This in an interesting subject and I've seen my share of scary combinations in campgrounds and on the roads. I've found that most people don't want to be told because they've convinced themselves they are fine. The basic attitude is that I haven't had a problem so far so I won't have one in the future. Thankfully most people seem to get by somehow. The others that aren't so lucky are quite surprised when something does go wrong. If someone wants to talk about towing setups I'll give my opinion but people rarely like having a stranger tell them they are not safe. Now I just ignore them and hope I don't encounter them on the road.

One of the things that may contribute to people towing with dubious setups is the RV industry's push to convince people that they can have a smaller fuel efficient SUV and still tow a trailer. I've been surprised to see some of the towing setups shown in Trailer Life in the past year. The 2 that I really noticed were a Honda Pilot and a Ford Edge towing small/lightweight travel trailers. The setups were barely within the tow limits of the vehicles and were definitely not something I would be comfortable with. We have an 07 Pilot and I wouldn't even consider towing our old popup (3,500 lbs) with it let alone a lightweight travel trailer. It might have enough power but it just doesn't feel like it could handle much of a trailer.
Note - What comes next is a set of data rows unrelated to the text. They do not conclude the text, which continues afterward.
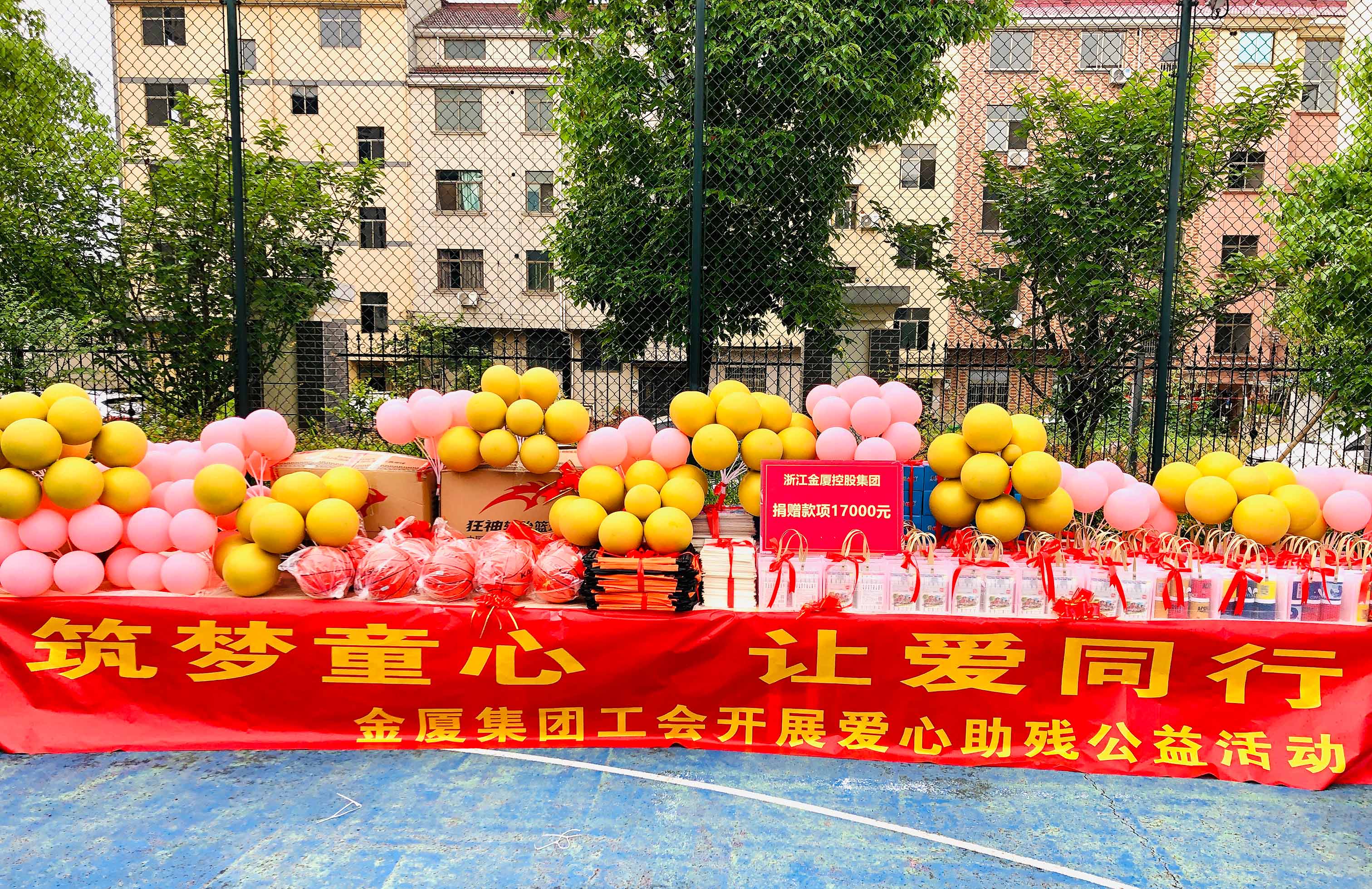 為弘揚中華民族扶弱助殘的傳統美德,給特殊兒童家庭送去溫暖和信心,在第34個全國“助殘日”到來之際, 5月30日上午,金華市政協委員、金廈集團董事長蔣晨虹率隊走進市殘聯幼兒特教中心開展愛心助殘公益活動,為這里的康復孩子們捐贈慰問金及愛心物資,并送上節日的美好祝福。金華市殘聯黨組成員、副理事長周志強,金華市婦聯辦公室副主任江麗,金華市殘疾人康復托養指導中心主任陳偉,金東區殘聯副理事長杜建平,金東區紅十字會代表陳麗莉等領導參加活動。
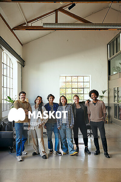 Porträtt av manliga och kvinnliga entreprenörer som står på kontor
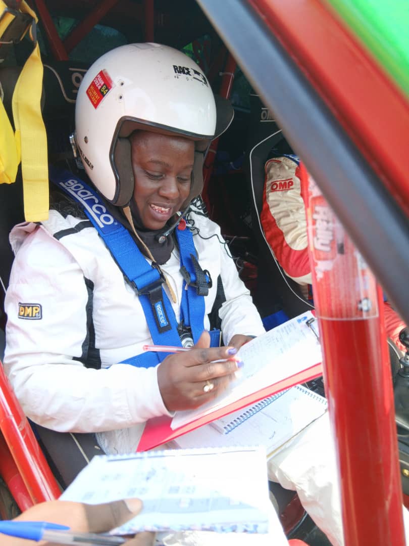 Even after that chapters closed, Mildred never slowed down. She has since partnered with various drivers, seamlessly adapting to different driving styles and maintaining her reputation as one of Uganda’s most reliable and tactical co-drivers. She is regarded as the longest – serving active female navigator in Uganda charting notes for rally drivers with remarkable consistency.

People new to trailers see these articles and think they can do the same as the experienced magazine testers. Unfortunately they probably don't know all of the issues involved and head out oblivious to how little margin for error they really have. But like I noted earlier most get away with it and are therefore convinced that they won't have a probem since they haven't had one yet. That's a dangerous way to approach safety but one that is all too common.


----------



## fourwalls (Sep 21, 2007)

We have some friends who are looking at buying a TT and asked us to join them in the search. I was furious when I heard a salesperson from a local dealership tell them that their small Ford Ranger 2x4 would tow a small travel trailer ok if they did not fill the water tanks until they got to the campground. I was not nice to the salesperson and told them in front of her that if they believed her I had a bridge in the desert I would sell them. I then told them that they needed to add the passenger weight and cargo to the over all weight. Then I told them to look at their truck and ask if it would stop the trailer. I explained that those numbers were there for a reason and not to listen to the salesperson who didn't know them after the deal was made and they were in an accident. They were glad to have a voice of reason with them and we now don't have to go looking with them cause they have done their homework. I have now suggested that they look at MH's and use their truck as a toad.


----------



## psychodad (Dec 9, 2008)

When we bought our OB, the dealer told us that my wifes Trailblazer (6cyl) was just under being able to tow. What a crock. I had to sign a waiver because my old TV would be pulling more weight than it was rated for. Maybe dealers should sign some kind of form of liability for telling people that inappropriate vehicles will pull TT's?


----------



## BigBadBrain (Aug 26, 2004)

Planting the seed in someone's mind might eventually help them make a better decision. If someone has told them their rig isn't enough for their trailer and they start to feel wiggle when they are towing, maybe they'll start to wonder if the 'know it all' maybe knew something after all. It can't hurt to talk to folks if it is done politely and with the intent of helping them avoid a bad situation. I'm a VERY non-confrontational type but if I see something really dangerous I feel compelled to say something. How you say it is critical if you want them to listen and even if they reject you outright, at least they've been told, who knows, maybe their DW listens and applies the 'slow pry-bar method' that my DW does - it's almost impossible to resist =>

ME: "Ok, OK! I'll do it! I'll do it! Just please, PLEASE stop yammering about it!" 
DW: "Oh, I'm not yammering! I just thought it was worth discussing is all." 
ME: "Yeah, for the last 1500 miles!" 
DW: "Oh posh! It wasn't more than 1200."

Sorry, I got carried away there.


----------



## Nathan (Jan 2, 2007)

BigBadBrain said:


> ...
> 
> ME: "Ok, OK! I'll do it! I'll do it! Just please, PLEASE stop yammering about it!"
> DW: "Oh, I'm not yammering! I just thought it was worth discussing is all."
> ...












Of course, as a counterpoint, I'm more often worried about how people drive when towing even more than what they tow....


----------



## Reverie (Aug 9, 2004)

After suffering through a slew of "You tow a 28BHS with a TUNDRA" postings, I can tell you what it feels like to be on the receiving end. I am not shy in suggesting something might not be safe but I'm careful how I judge that and who I say it to. One of the biggest annoyances I have is with people that read the specs, then add their own fudge factor, then denigrate you for not following their standard. My Tundra was quite capable of towing my trailer, family, and load and still be safe and within the posted maximum for the truck. After four years I upgraded to a different tow vehicle not because it couldn't handle the load but because my kids got too big to comfortably sit in the back seat of the Access Cab.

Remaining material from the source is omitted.